Making some transformations and taking the natural logarithm on the kinetic model of DRX gives:

$$\ln (-\ln (1-X_{drx}))=\ln k_d+n_d\ln (\frac{\epsilon -{\epsilon }_c}{{\epsilon }_p}),(\epsilon \ge {\epsilon }_c).$$

(29)

Figure 14 shows the fit result; $n_d$ = 1.4414, $k_d$ = 0.5511 are obtained.

4.4. Verification of the Proposed Two-Stage Constitutive Model

Based on the activation energy Q and the material parameters (${\epsilon }_p$, ${\epsilon }_c$, ${\sigma }_s$, ${\sigma }_{ss}$, ${\sigma }_0$, $k_2$, $n_d$, $k_d$) determined above, the flow stress under any temperature, strain rate, and strain can be calculated. Figure 15 shows the comparison between the experimental results and the predicted results of the model. The predicted flow stress values are in good agreement with the experimental flow stress values. Thus, the proposed two-stage constitutive model can give a reasonable estimate of the flow stress of 20Mn5 steel and can be used for numerical simulation of the hot forging of a 20Mn5 solid steel ingot.

In order to evaluate the accuracy of the proposed two-stage constitutive model, standard statistical parameters (correlation coefficient R and average absolute relative error AARE) are calculated. Correlation coefficient R can give us information on the strength of the linear relationship between the predicted flow stress and experimental flow stress. R and AARE are expressed as follows:

$$R=\frac{{\displaystyle \sum _{i=1}^N({\sigma }_{E,i}-\overline{{\sigma }_E})({\sigma }_{P,i}-\overline{{\sigma }_P})}}{\sqrt{{\displaystyle \sum _{i=1}^N{({\sigma }_{E,i}-\overline{{\sigma }_E})}^2}}\sqrt{{\displaystyle \sum _{i=1}^N{({\sigma }_{P,i}-\overline{{\sigma }_P})}^2}}},$$

(30)

$$AARE=\frac{{\displaystyle \sum _{i=1}^N\left|\frac{{\sigma }_{P,i}-{\sigma }_{E,i}}{{\sigma }_{E,i}}\right|}}{N},$$

(31)

where ${\sigma }_{E,i}$ and ${\sigma }_{P,i}$ are the i-th experimental flow stress and predicted flow stress, respectively; $\overline{{\sigma }_E}$ and $\overline{{\sigma }_P}$ are the average value of the experimental flow stress and predicted flow stress, respectively; N is the number of the experimental flow stress.

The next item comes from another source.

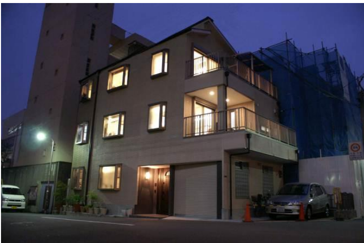
Y 邸新築工事(2011 年)

The calculated R is 0.991, which shows that the strength of the linear relationship between the experimental flow stress and predicted flow stress is very strong. The calculated AARE is 3.01%, which indicates that the prediction accuracy of the proposed two-stage constitutive model is very high and the proposed two-stage constitutive model can be used for numerical simulation of hot forging of 20Mn5 solid steel ingot.

5. Conclusions

(1)

During hot compression of 20Mn5 steel, firstly, the flow stress increases to a peak stress, and then the flow stress decreases gradually to a steady-state stress with the increase of strain. Peak stress does not occur at 850–1100 °C and 1/s, or at 850–900 °C and 0.1/s. At a higher temperature and lower strain rate, the peak strain, steady-state strain, peak stress, and steady-state stress are smaller.

(2)

The material constants ($\alpha$, $n$, $Q$, $A$) are calculated based on the peak stress.

(3)

A two-stage constitutive model of 20Mn5 steel is established. The related material parameters (${\epsilon }_p$, ${\epsilon }_c$, ${\sigma }_s$, ${\sigma }_{ss}$, ${\sigma }_0$, $k_2$, $n_d$, $k_d$) are determined.

(4)

The proposed constitutive model can give a good prediction of the flow stress on different temperatures, strain rates, and strains, and can be used for numerical simulation of the hot forging of a 20Mn5 solid steel ingot.